The High-STEACS hs-cTnT pathway had high efficacy but was unable to achieve the ≥99% NPV safety threshold for 30-day CDMI.

REGISTRATION

URL: https://www.clinicaltrials.gov; Unique identifier: NCT02984436.

摘要

背景

高敏肌钙蛋白在急性冠脉综合征患者评估中的应用(High-STEACS)路径可对急诊科疑似急性冠脉综合征患者进行风险分层。本研究旨在确定在美国一个包含有和没有已知冠状动脉疾病(CAD)患者的多中心队列中,High-STEACS高敏肌钙蛋白T(hs-cTnT)路径能否实现30天心脏死亡或心肌梗死(CDMI)的阴性预测值(NPV)≥99%的安全阈值。

方法

对优化胸痛风险分层的高敏肌钙蛋白T(第5代即时检测法)(STOP-CP)队列进行二次分析,该队列纳入了美国8个地点的成年急诊科疑似急性冠脉综合征患者(2017年1月25日至2018年9月6日)。使用High-STEACS hs-cTnT路径将参与者分为门诊和住院处置。已知CAD定义为既往心肌梗死、冠状动脉血运重建或冠状动脉狭窄≥70%。结局包括30天CDMI和有效性,有效性定义为确定为门诊处置的比例。计算30天CDMI的NPV和阴性似然比。使用Fisher精确检验比较CAD亚组之间的NPV。

结果

在1351例患者中,53.2%(719/1351)为男性,31.4%(424/1351)有已知CAD,平均年龄为57.4±12.8岁。在30天时,13.8%(187/1351)发生了CDMI。High-STEACS将63.4%(857/1351)分类为门诊处置,其中2.0%(17/857)发生了30天CDMI,对应的NPV为98.0%(95%CI,96.8-98.8),阴性似然比为0.13(95%CI,0.08-0.20)。

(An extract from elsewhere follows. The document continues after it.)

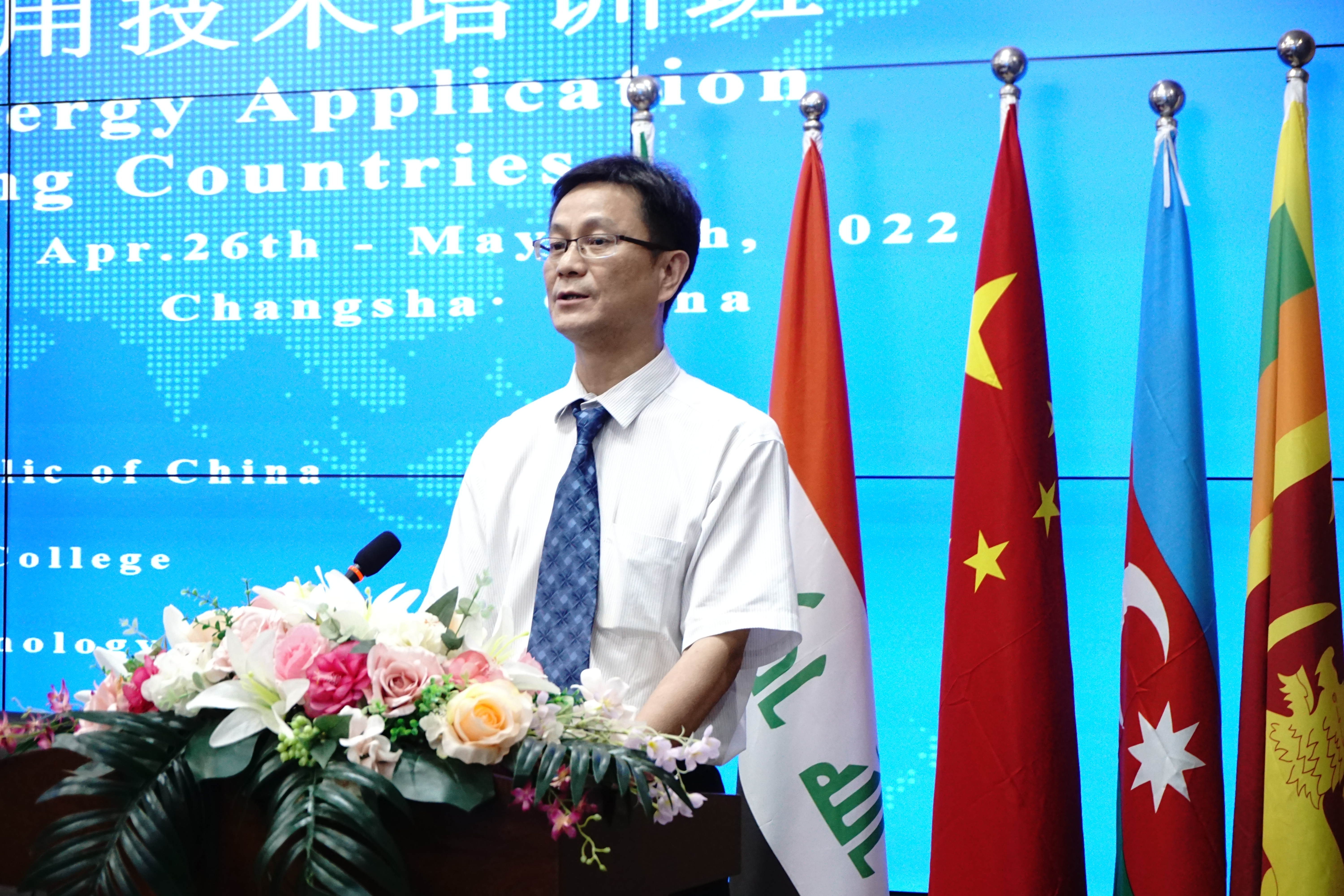 本网讯(援外培训学院 欧阳玲 谭媛媛)4月26日下午2点40分,发展中国家清洁能源应用技术培训班开班仪式在湖南外贸职业学院学术交流中心206会议室举行。湖南省商务厅对外投资和经济合作处调研员刘军廷先生,湖南外贸职业学院副院长桂诚先生,长沙理工大学能源与环境工程研究所副所长刘亮先生出席了会议并发表讲话,来自埃塞俄比亚,阿塞拜疆,斯里兰卡和伊拉克四国28名研修班学员在线上参与了开班仪式。
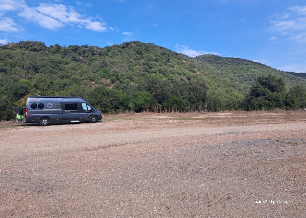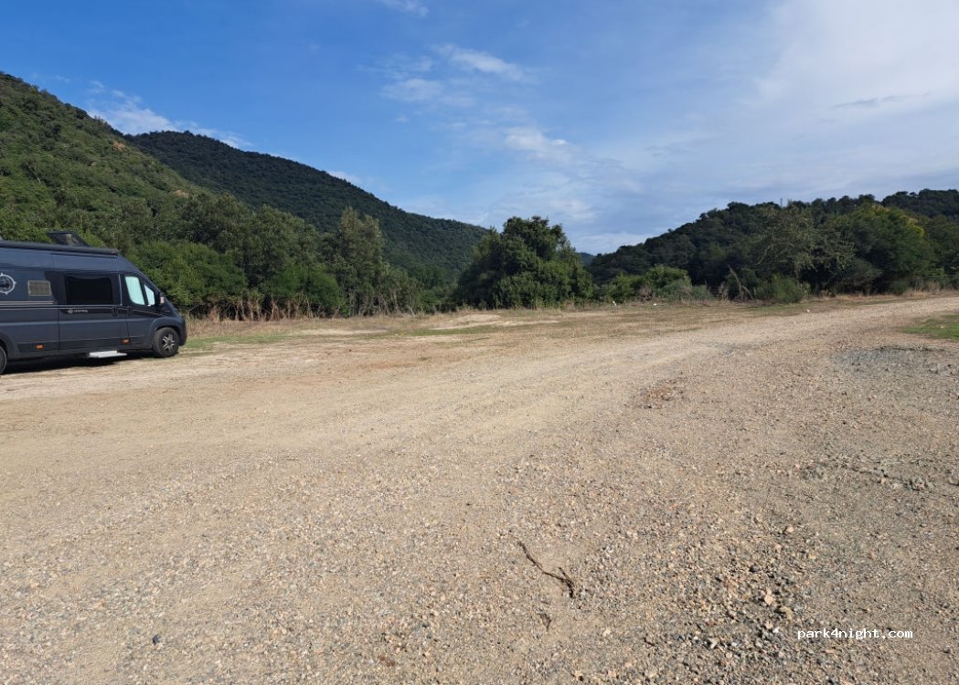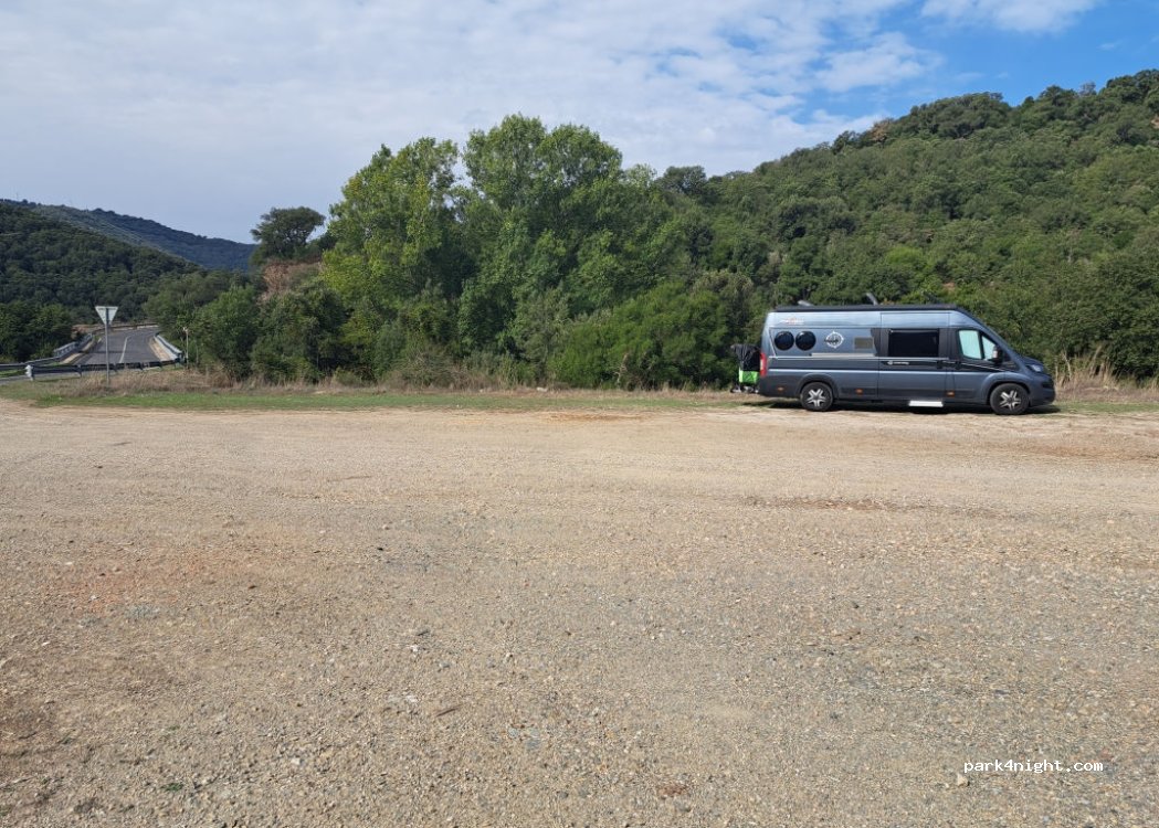 Un parking presque plat au bord de la route de campagne. Peu fréquenté la nuit, il offre un calme agréable pour dormir. Aucun panneau d'interdiction et de la place pour environ 4 à 5 camping-cars. On pourrait le décrire comme un parking pour randonneurs, avec un chemin de gravier qui bifurque à côté, menant peut-être à une ferme. Aucun service disponible.

在有CAD的患者中,46.9%(199/424)被分类为门诊处置,其中4.0%(8/199)发生了30天CDMI。在无CAD的患者中,71.0%(658/927)被分类为门诊处置,1.4%(9/658)发生了30天CDMI。有CAD患者30天CDMI的NPV为96.0%(95%CI,92.2-98.2),无CAD患者为98.6%(95%CI,97.4-99.4)(P=0.04)。有CAD患者30天CDMI的阴性似然比为0.16(95%CI,0.08-0.31),无CAD患者为0.12(95%CI,0.06-0.22)。

结论

High-STEACS hs-cTnT路径具有较高的有效性,但未能实现30天CDMI的NPV≥99%的安全阈值。